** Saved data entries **
━━━━━━

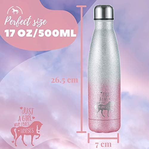 IMPRESSIVES DESIGN: Die Silhouette eines Pferdes und das Zitat „wild und frei“ werden sicherlich jeden Pferdeliebhaber in Erstaunen versetzen. Vervollkommnen Sie für Ihren besten Freund, Schwester, Tochter, Nichte, Freundin, Frau, Mitarbeiter oder jeden, der von Pferden besessen ist.. BPA-FREIER & EDELSTAHL: Hergestellt aus nahtlosem Edelstahl 18/8 (304) in Lebensmittelqualität. Auslaufsicher, umweltfreundlich und ungiftig.. FUNKTIONSFLASCHE: Das Fassungsvermögen von 500 ml ist groß genug, um alle Arten von Alkohol aufzunehmen. Geeignet für alle Indoor- oder Outdoor-Aktivitäten. Das doppelwandige vakuumisolierte Design hält Getränke 24 STUNDEN kalt oder 12 STUNDEN heiß.. GESCHENKKASTEN BEREIT: Mit einer exquisiten Geschenkbox ist diese Flasche ein Geschenk zum Feiern von Meilensteinen, Erfolgen und besonderen Tagen wie Geburtstag, Erntedankfest, Weihnachten, Abschlussfeier, Einweihungsfeier, Feiertagen, Mädchenwochenende usw.. Zufriedenheit garantiert - 30 Tage Geld-zurück-Garantie und lebenslanger Service-Support für Ihre Zufriedenheit.
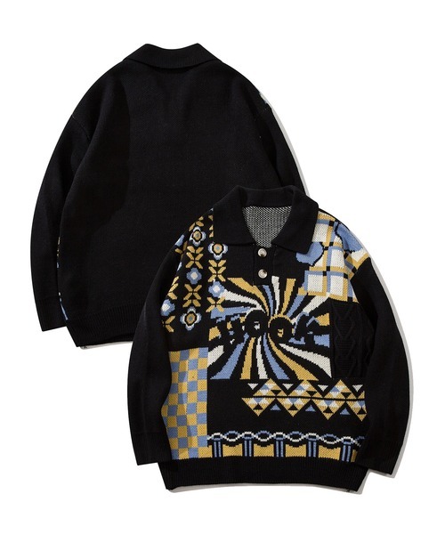 参考商品名:HOOK -original- 古着風 レトロ調パッチワック模様ポロ襟ニットスウェット
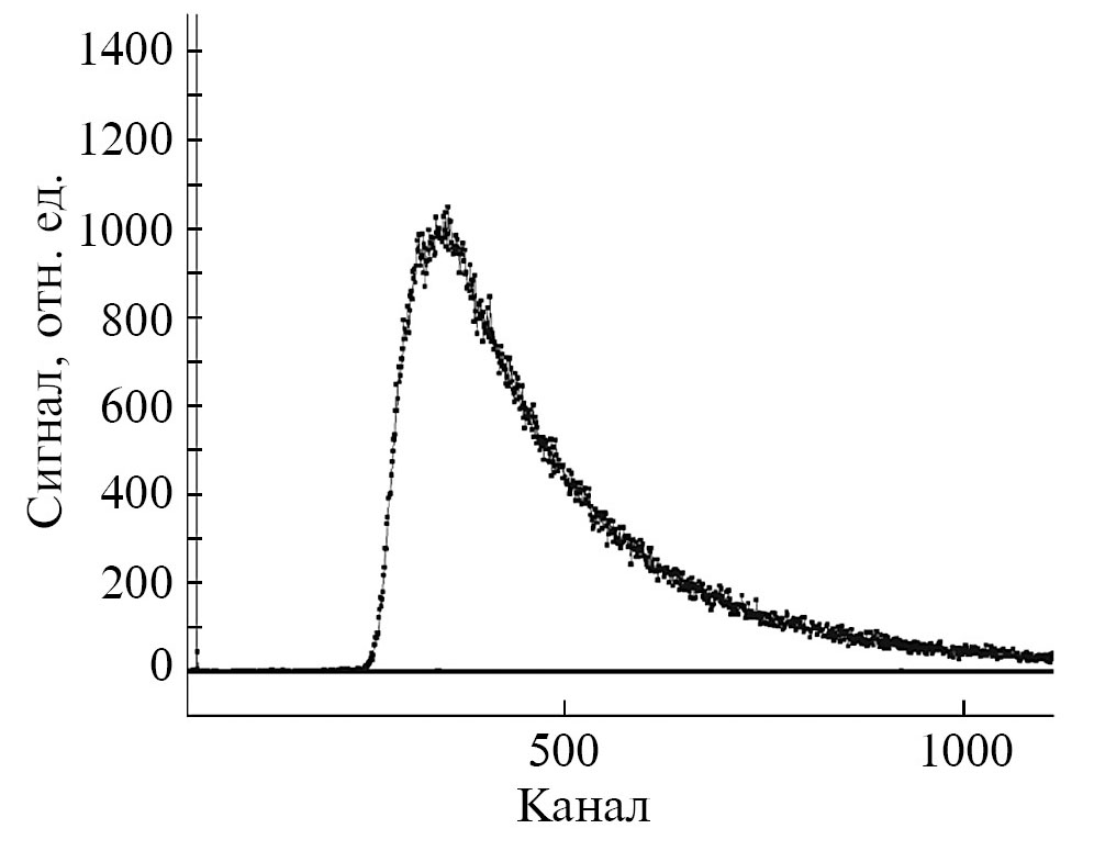Во время тестовых измерений источником нейтронов служил радиоизотоп 252Cf (НК252М11) с парафиновым замедлителем. Зарядовые спектры, полученные детектором, при облучении тепловыми нейтронами, приведены на рис. 2. Максимум спектра соответствует 95 фотоэлектронам. Калибровку проводили по темновым шумам кремниевого фотоумножителя. В качестве детектора, с которым проводили сравнение, использовали пропорциональный счетчик “Гелий-3” высокого давления (8 атм. 3Не) фирмы “Консенсус”. Из соотношения счетов гелиевого и сцинтилляционного счетчиков, с учетом их чувствительных площадей, получена относительная эффективность сцинтилляционного счетчика, равная 74%. Исходя из давления гелия-3 в счетчике-образце, указанного в паспорте прибора, эффективность сцинтилляционного счетчика можно считать равной 80% при длине волны излучения 1.8 Å. Соответственно, абсолютную эффективность сцинтилляционного счетчика можно оценить, как 60% [6].
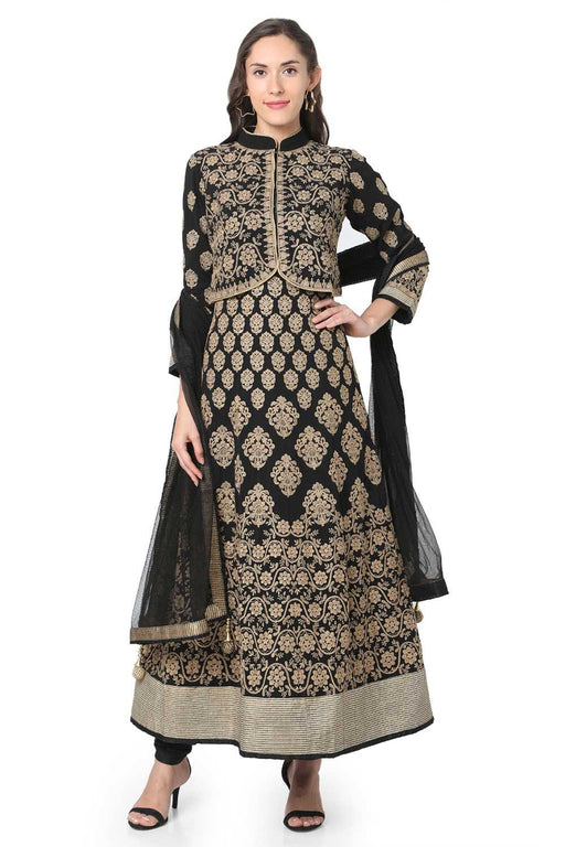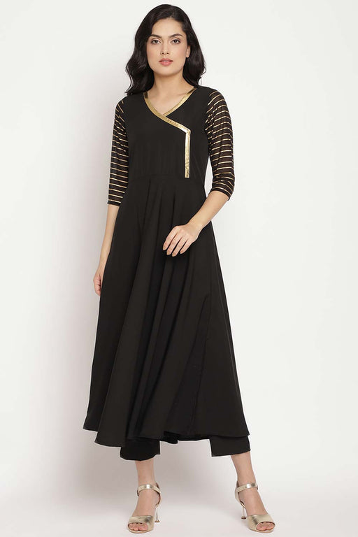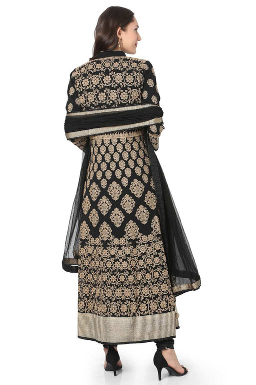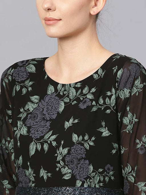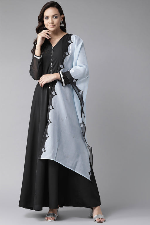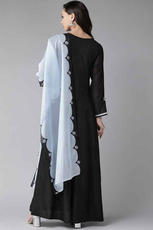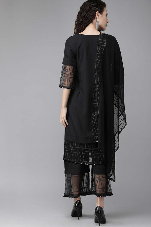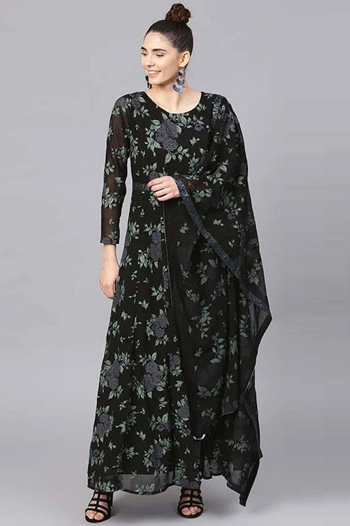 Black Faux Georgette Digital Printed Indo-Western Suit Set
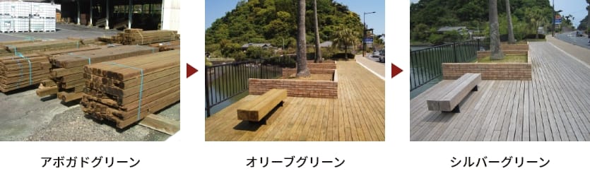 40年間その国産木材の高耐久化を図り、外構施設や資材として活用して参りました。

━━━━━━

** Aim of the exercise **
Copy out the lines above from the line containing "参考商品名:HOOK -original- 古着風" through the line containing "Во время тестовых", exactly, and keep the pictures out.

** Result for this exercise **
 参考商品名:HOOK -original- 古着風 レトロ調パッチワック模様ポロ襟ニットスウェット
Во время тестовых измерений источником нейтронов служил радиоизотоп 252Cf (НК252М11) с парафиновым замедлителем. Зарядовые спектры, полученные детектором, при облучении тепловыми нейтронами, приведены на рис. 2. Максимум спектра соответствует 95 фотоэлектронам. Калибровку проводили по темновым шумам кремниевого фотоумножителя. В качестве детектора, с которым проводили сравнение, использовали пропорциональный счетчик “Гелий-3” высокого давления (8 атм. 3Не) фирмы “Консенсус”. Из соотношения счетов гелиевого и сцинтилляционного счетчиков, с учетом их чувствительных площадей, получена относительная эффективность сцинтилляционного счетчика, равная 74%. Исходя из давления гелия-3 в счетчике-образце, указанного в паспорте прибора, эффективность сцинтилляционного счетчика можно считать равной 80% при длине волны излучения 1.8 Å. Соответственно, абсолютную эффективность сцинтилляционного счетчика можно оценить, как 60% [6].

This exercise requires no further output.